私自身は持っていないので、詳しくは知らないのですが、iPhoneやiPadなどには、楽器のアプリも入っていて、自由に演奏できたり、音楽もつくれたりするそうですね。あんな、簡単に持ち運びできる薄い板みたいな道具で、一丁前に音楽をつくれるなんて・・・・・・感心しちゃいます・・・なんてのはオヤジっぽい表現だな、これは(^^;;

というわけで、前作からわずか1年のインターバルを経てリリースされたGORILLAZのニューアルバムは、GORILLAの、昨年10月から11月にかけて行われた全米ツアーの最中に、デーモン・アルバーンがiPadをつかった制作したアルバム。その後、12月には公式サイトで、ストリーミング形式ながらも無料配信されて、大きな話題を呼びました。

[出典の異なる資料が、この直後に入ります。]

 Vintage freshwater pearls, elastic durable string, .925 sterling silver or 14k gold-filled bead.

ツアーの最中にアルバムを1枚つくれてしまう手軽さに、それが、わずか1ヶ月のインターバルでファンの耳に届けるリアルタイムさが、今時を感じさせます。そして、その後、4月になり、CD盤がリリースされました。

ツアーの最中に、iPadだけでつくられたアルバム・・・といっても、「iPadでつくられた」ということが信じられないようなサウンドの充実さなのですが・・・なので、全体的には「地味」という印象はぬぐえません。あまり、インパクトの強い曲は収録されておらず、いつものGORILLAZを期待すると、ちょっと期待はずれになるかも。

とはいえ、それだけに、逆に変な肩の力が抜けた、リラックスした作風のアルバムになっています。なにより、デーモンが自由きままにつくったアルバムなだけに、楽曲のバリエーションは豊富。ウクレレのリズムが哀愁をさそう「REVOLVING DOORS」や、エレクトロな作風が、作品が誕生した街にふさわしい感じのする「DETROIT」、スペーシーなサウンドが壮大さを感じる「THE JOPLIN SPIDER」など多様。国内盤のライナー・ノーツでは、楽曲がどの街で作成したか書かれているだけに、それを読みながら、アメリカの街並みを想像するのも楽しいところ。

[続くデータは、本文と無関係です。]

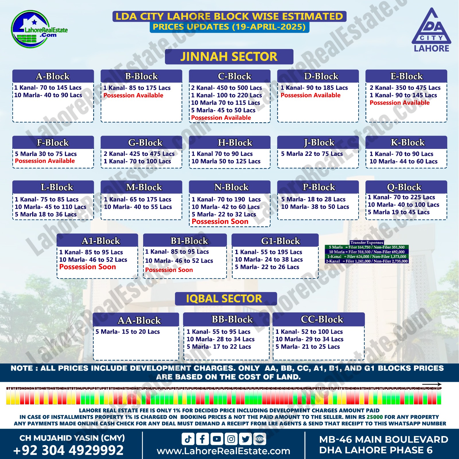 | LDA City Jinnah | 1 Kanal Blockwise Price | A - 1K@82-150 | Ch Mujahid Yasin +923224929992 Updated: 13-12-2025 |

そんな中で、このアルバムのひとつの核となっているのが、ソウル界の大御所、ボビー・ウーマックがギターとボーカルで参加した「CALIFORNIA&THE SLIPPING OF THE SUN」でしょう。ブルージーなギターが哀愁たっぷりに音色を奏で、ソウルフルなボーカルが、力強く響く楽曲。全体的には小品が多い本作の中で、数少ない、今後のGORILLAZを代表する1曲になりそうな作品です。

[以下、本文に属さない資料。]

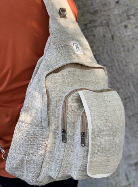 This Core Hemp sling bag crossbody backpack is the perfect replacement for a traditional fanny pack. With the Adjustable strap, this sling bag fits all body types and can be worn over the shoulder across the chest or back. This sling bag features 3 front zipper compartments, 1 inner zipper compartment & inner padding for added safety. The Core Hemp material makes this sling bag very durable with an added urban/sporty appeal.

まあ、そんな訳で、GORILLAZの代表作・・・にはなれなさそうな作品だけれども、ファンならチェックしておきたい佳作といった感じでしょうか。アルバムを聴きこんではまる、というよりも、リスナーの側も、ゆっくりとした気分で聴けそうな、そんな作品でした。

評価:★★★★

GORILLAZ 過去の作品
D-Sides
Plastic Beach


ほかに聴いたアルバム

SOILDER OF LOVE/SADE

Soldier of Love

デビューから26年で、アルバムがわずか6枚。超寡作で知られるイギリスのバンド、SADEの10年ぶりとなるアルバム。ちょっとジャジーな雰囲気の入った、アコースティックテイストのポップスは、どの曲も美しいメロをしんみりと聴かせてくれて、10年ぶりの作品としても、ファンとしては満足いく内容では?ある意味、新しい刺激、という面ではちょっと薄味ですが・・・。